Can't connect to api-server via kube-proxy
box@joez-hce-ub20-vm-virt-w:/etc/kubernetes/cache$ nc -zv 10.96.0.1 443
nc: connect to 10.96.0.1 port 443 (tcp) failed: Connection refused
box@joez-hce-ub20-vm-virt-w:/etc/kubernetes/cache$ sudo iptables-save | grep -w 10.96.0.1
# OK on cloud node
box@joez-hce-ub20-vm-virt-m:~$ nc -zv 10.96.0.1 443
Connection to 10.96.0.1 443 port [tcp/https] succeeded!
box@joez-hce-ub20-vm-virt-m:~$ sudo iptables-save | grep -w 10.96.0.1
-A KUBE-SERVICES -d 10.96.0.1/32 -p tcp -m comment --comment "default/kubernetes:https cluster IP" -m tcp --dport 443 -j KUBE-SVC-NPX46M4PTMTKRN6Y
-A KUBE-SVC-NPX46M4PTMTKRN6Y ! -s 10.244.0.0/16 -d 10.96.0.1/32 -p tcp -m comment --comment "default/kubernetes:https cluster IP" -m tcp --dport 443 -j KUBE-MARK-MASQ
Check kube-proxy:
box@joez-hce-ub20-vm-virt-w:/etc/kubernetes/cache$ docker ps -a | grep proxy
74d04d4c85a1 e03484a90585 "/usr/local/bin/kube…" 41 minutes ago Up 41 minutes k8s_kube-proxy_kube-proxy-sqqck_kube-system_90fecc3f-31b1-4ba6-a825-1c0fa2db64d6_9
9
box@joez-hce-ub20-vm-virt-w:/etc/kubernetes/cache$ docker logs 74d04d4c85a1 2>&1 | less
E0424 15:08:24.338500 1 node.go:152] Failed to retrieve node info: Get "https://10.67.108.194:6443/api/v1/nodes/joez-hce-ub20-vm-virt-w": dial tcp 10.67.108.194:6443: i/o timeout
E0424 15:09:11.170905 1 node.go:152] Failed to retrieve node info: Get "https://10.67.108.194:6443/api/v1/nodes/joez-hce-ub20-vm-virt-w": dial tcp 10.67.108.194:6443: i/o timeout
I0424 15:09:11.171167 1 server.go:843] "Can't determine this node's IP, assuming 127.0.0.1; if this is incorrect, please set the --bind-address flag"
I0424 15:09:11.171257 1 server_others.go:138] "Detected node IP" address="127.0.0.1"
I0424 15:09:11.171865 1 server_others.go:561] "Unknown proxy mode, assuming iptables proxy" proxyMode=""
I0424 15:09:11.234842 1 server_others.go:206] "Using iptables Proxier"
I0424 15:09:11.234963 1 server_others.go:213] "kube-proxy running in dual-stack mode" ipFamily=IPv4
I0424 15:09:11.234992 1 server_others.go:214] "Creating dualStackProxier for iptables"
I0424 15:09:11.235069 1 server_others.go:491] "Detect-local-mode set to ClusterCIDR, but no IPv6 cluster CIDR defined, , defaulting to no-op detect-local for IPv6"
I0424 15:09:11.237531 1 server.go:656] "Version info" version="v1.23.0"
I0424 15:09:11.243601 1 conntrack.go:52] "Setting nf_conntrack_max" nf_conntrack_max=131072
I0424 15:09:11.243792 1 conntrack.go:100] "Set sysctl" entry="net/netfilter/nf_conntrack_tcp_timeout_close_wait" value=3600
I0424 15:09:11.244956 1 config.go:317] "Starting service config controller"
I0424 15:09:11.245283 1 config.go:226] "Starting endpoint slice config controller"

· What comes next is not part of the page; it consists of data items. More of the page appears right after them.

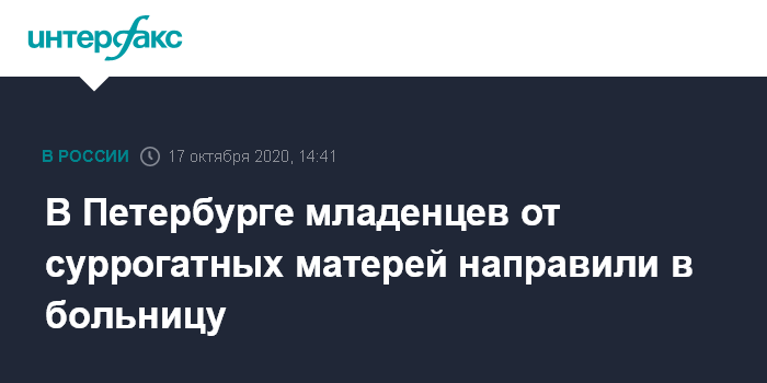 Москва. 17 октября. INTERFAX.RU - Органы опеки Калининского района Санкт-Петербурга госпитализировали семидневного младенца, рожденного суррогатной матерью, сообщили журналистам в субботу в аппарате детского омбудсмена Петербурга Анны Митяниной.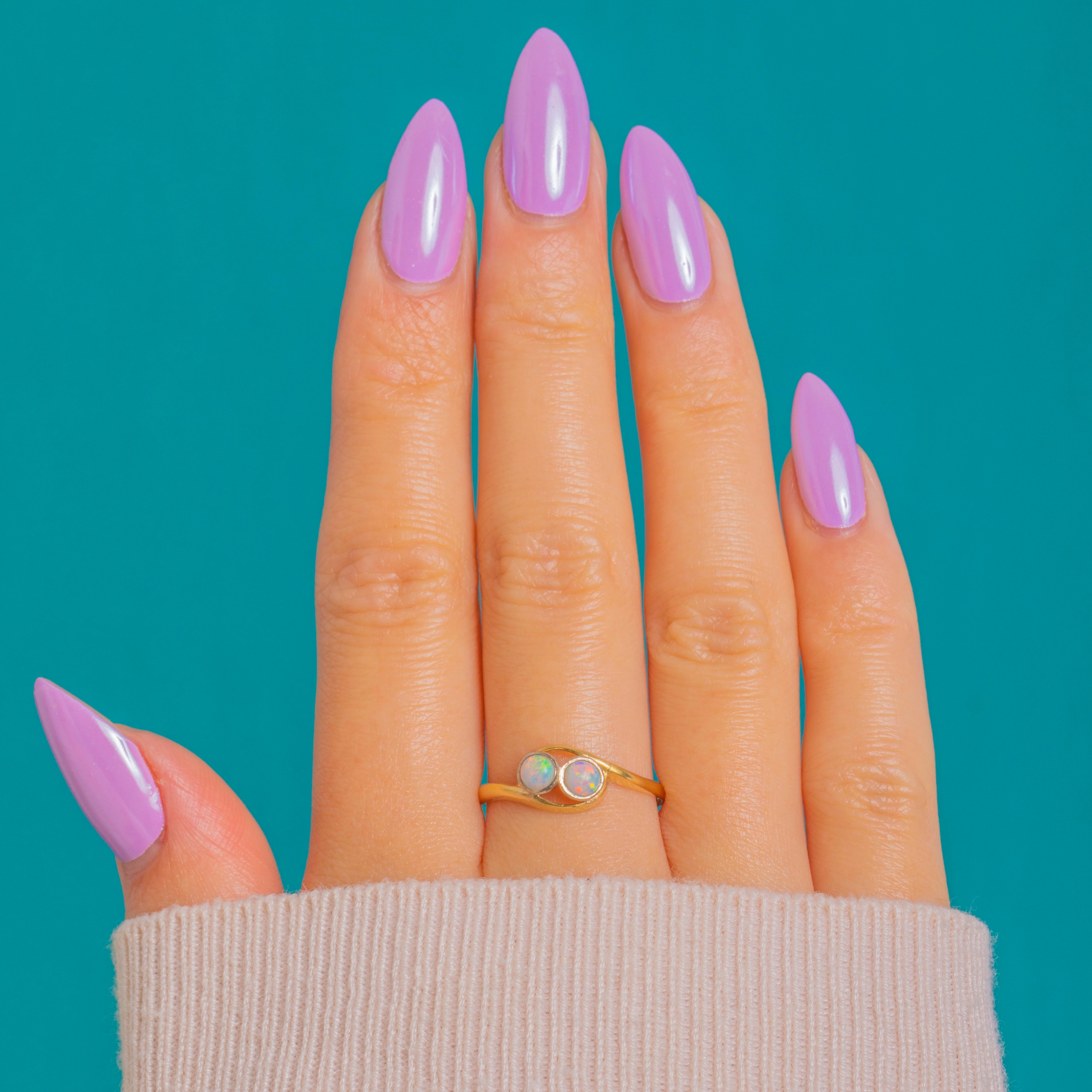 A graceful Opal twist ring with an effortlessly elegant, low-profile silhouette. The opalescent cabochons glow with dreamy play-of-colour—soft blues, minty greens and blush pinks—captured in smooth, protective bezels that flow into a slender, sinuous shank. Understated yet romantic, it’s a versatile piece that slips seamlessly into any jewellery wardrobe, perfect for everyday wear or stacking.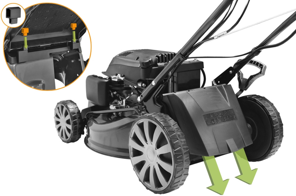 - Особенности устройствамульчирование, регулировка высоты скашивания, регулировка ручки по высоте, ручки для транспортировки, складная ручка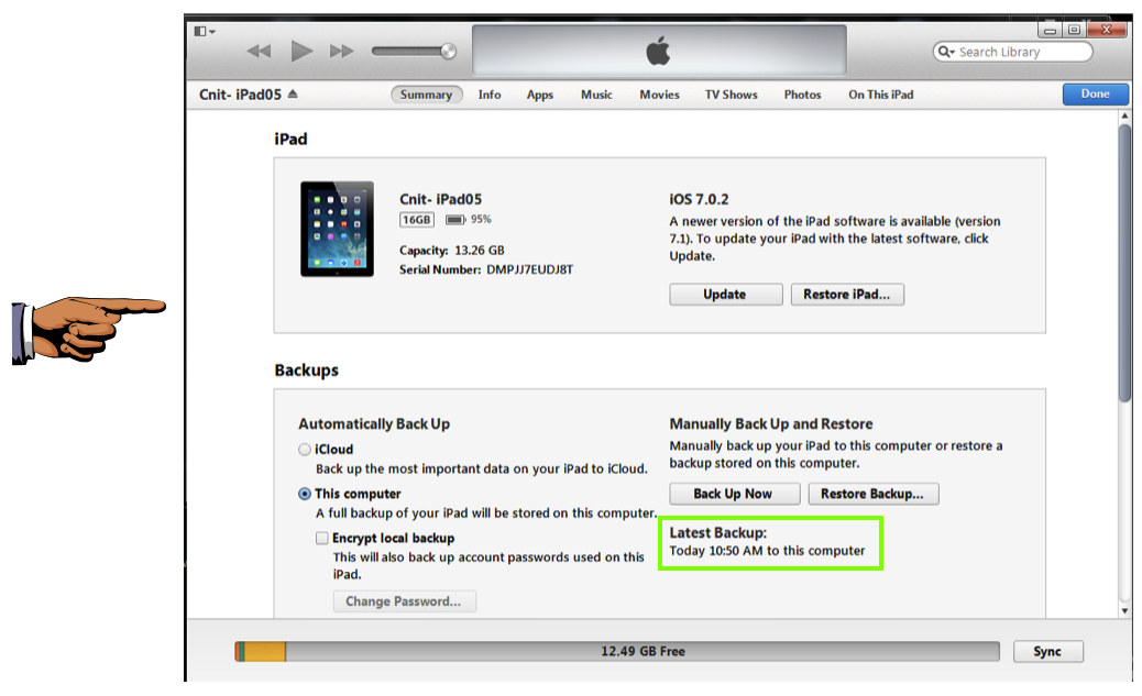 On the next page, in the "Backups" section, you should see a message saying "Latest Backup", showing that the iPad automatically backed up when you plugged it in. If that did not automatically happen, click "Back Up Now".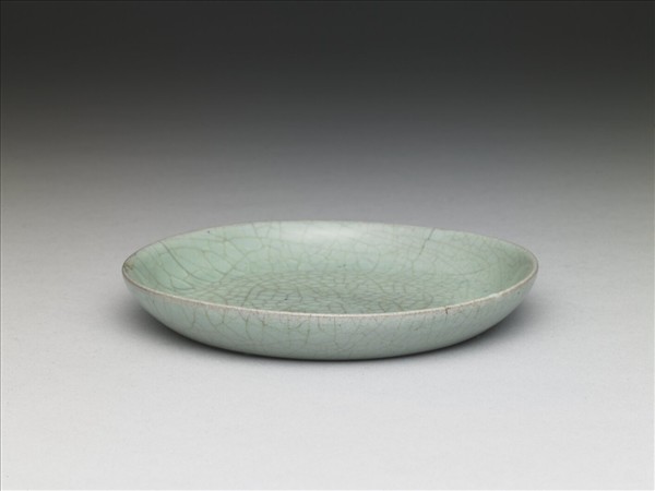 圓口,淺壁,平底無足。胎質較薄,滿釉支燒,通體施青釉,釉色粉青微泛綠。底面三枚支燒點沿邊排佈,正背兩面滿佈開片,中心後刻「蔡」、「丙」兩字。與之相似的器形,亦見於河南省寶豐縣清涼寺窯址出土的標本。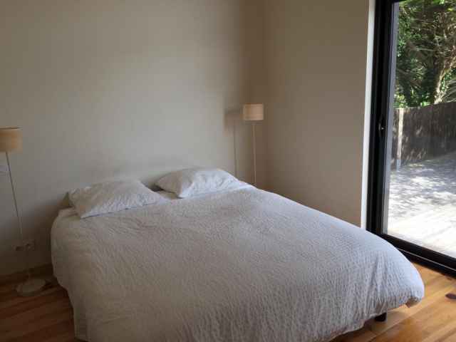 Belle villa contemporaine de plain pied avec jardin clos, située dans le triangle d'Or de Saint Guénolé, à deux pas de la plage de Pors Carn , de ses écoles de surf et de sa célébrissime paillote de plage "Chez Marie Cath". Exposition Sud. Surface habitable: 130m2 environ
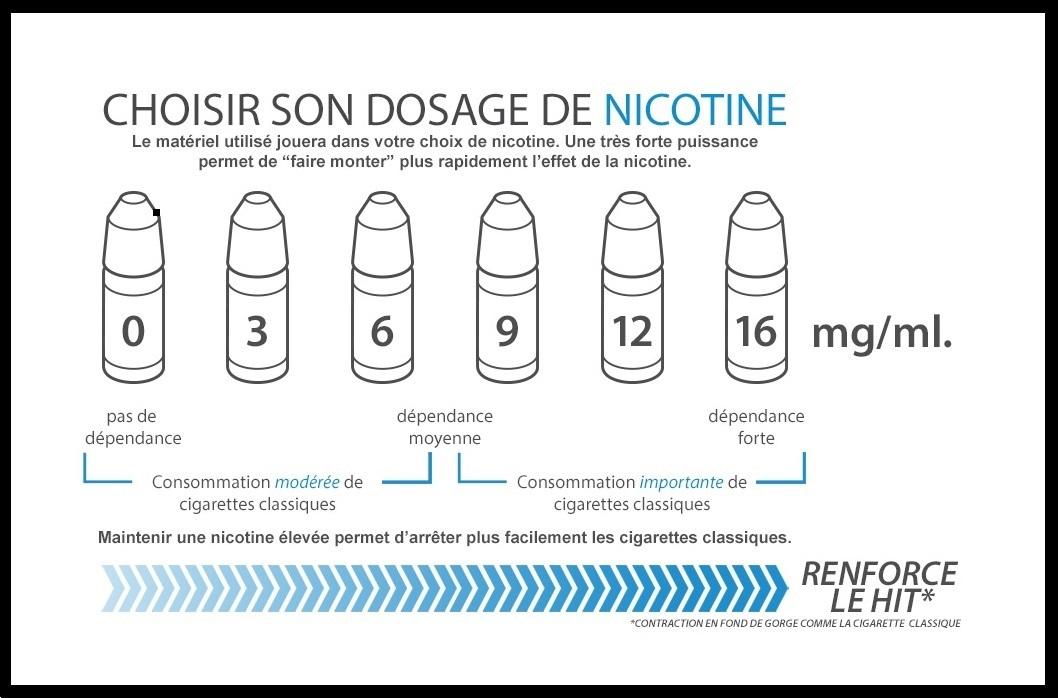 - Éventuellement de la nicotine. Non obligatoire, la nicotine produit également une sensation de hit. Son taux apparaît en mg/ml. Le hit joue dans une logique de sevrage tabagique. On conseille généralement aux gros fumeurs de commencer avec des liquides à haut ou moyen taux nicotinique ( 12 à 20 mg/ml) avant de baisser progressivement. Aux petits ou non-fumeurs, on recommande de prendre un petit taux voire un e-liquide sans nicotine (de 0 à 12 mg/ml).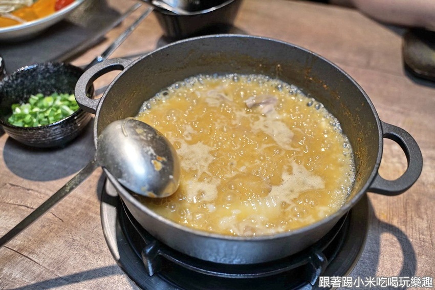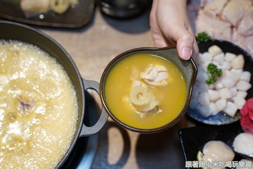 精心熬出來的是黃金雞湯,光是原本湯底就可以感受到膠質的魅力,小米建議先喝點原味雞湯,口腔內可以感受濃郁的雞湯,帶點膠質的甜味,溫和順口,先喝個一碗暖暖胃

I0424 15:09:11.245647 1 shared_informer.go:240] Waiting for caches to sync for service config
I0424 15:09:11.246236 1 shared_informer.go:240] Waiting for caches to sync for endpoint slice config
W0424 15:09:41.247874 1 reflector.go:324] k8s.io/client-go/informers/factory.go:134: failed to list *v1.Service: Get "https://10.67.108.194:6443/api/v1/services?labelSelector=%21service.kubernetes.io%2Fheadless%2C%21service.kubernetes.io%2Fservice-proxy-name&limit=500&resourceVersion=0": dial tcp 10.67.108.194:6443: i/o timeout
The kube-proxy is still trying to get information from cloud node, instead of yurthub, is it the expected behavior?
Thanks for your detailed logs. I'm not sure why the component "go-http-client" list for pods and configmaps, and what it is.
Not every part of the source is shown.